- _Task statement_
Given the entries below, would you transcribe exactly the lines starting at the one with "Воронцовський маяк, збудований" and ending at the one with "Riscaldamento + ACS |", both kept, pictures omitted, nothing extra?

- _Source records_

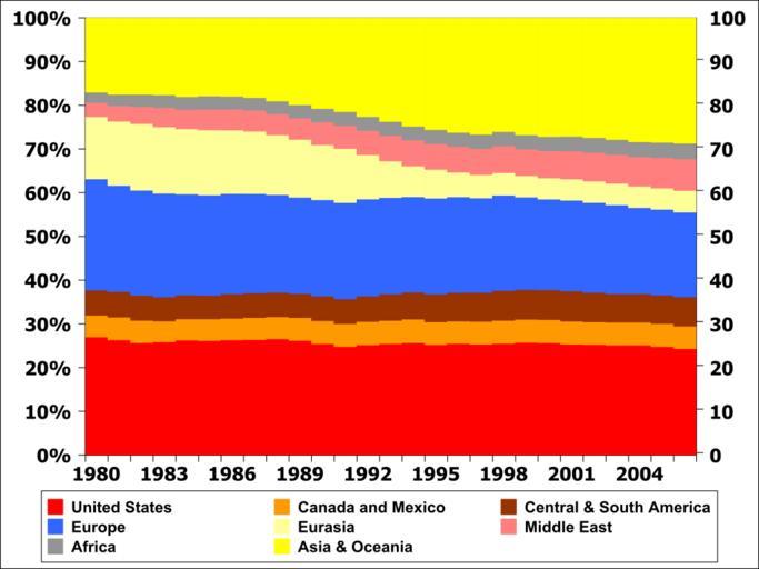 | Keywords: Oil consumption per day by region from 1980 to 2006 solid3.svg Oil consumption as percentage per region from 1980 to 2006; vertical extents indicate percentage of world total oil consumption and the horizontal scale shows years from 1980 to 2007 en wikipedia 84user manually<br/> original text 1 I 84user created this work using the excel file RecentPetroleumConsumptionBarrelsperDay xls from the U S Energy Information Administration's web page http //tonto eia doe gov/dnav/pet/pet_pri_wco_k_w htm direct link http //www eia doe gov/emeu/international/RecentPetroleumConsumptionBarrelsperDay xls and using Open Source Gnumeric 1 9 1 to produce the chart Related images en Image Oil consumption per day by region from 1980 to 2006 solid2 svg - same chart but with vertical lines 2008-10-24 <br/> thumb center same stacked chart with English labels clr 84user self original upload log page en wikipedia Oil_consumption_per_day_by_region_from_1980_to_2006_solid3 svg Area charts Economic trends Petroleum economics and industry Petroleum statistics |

==

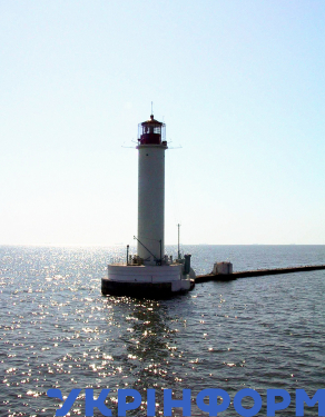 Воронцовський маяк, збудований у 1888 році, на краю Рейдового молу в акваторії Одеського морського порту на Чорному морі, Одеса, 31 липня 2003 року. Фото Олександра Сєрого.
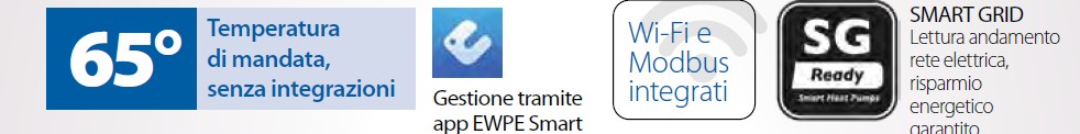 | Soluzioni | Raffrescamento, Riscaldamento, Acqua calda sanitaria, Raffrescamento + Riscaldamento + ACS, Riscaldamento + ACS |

- _Reply_
 Воронцовський маяк, збудований у 1888 році, на краю Рейдового молу в акваторії Одеського морського порту на Чорному морі, Одеса, 31 липня 2003 року. Фото Олександра Сєрого.
 | Soluzioni | Raffrescamento, Riscaldamento, Acqua calda sanitaria, Raffrescamento + Riscaldamento + ACS, Riscaldamento + ACS |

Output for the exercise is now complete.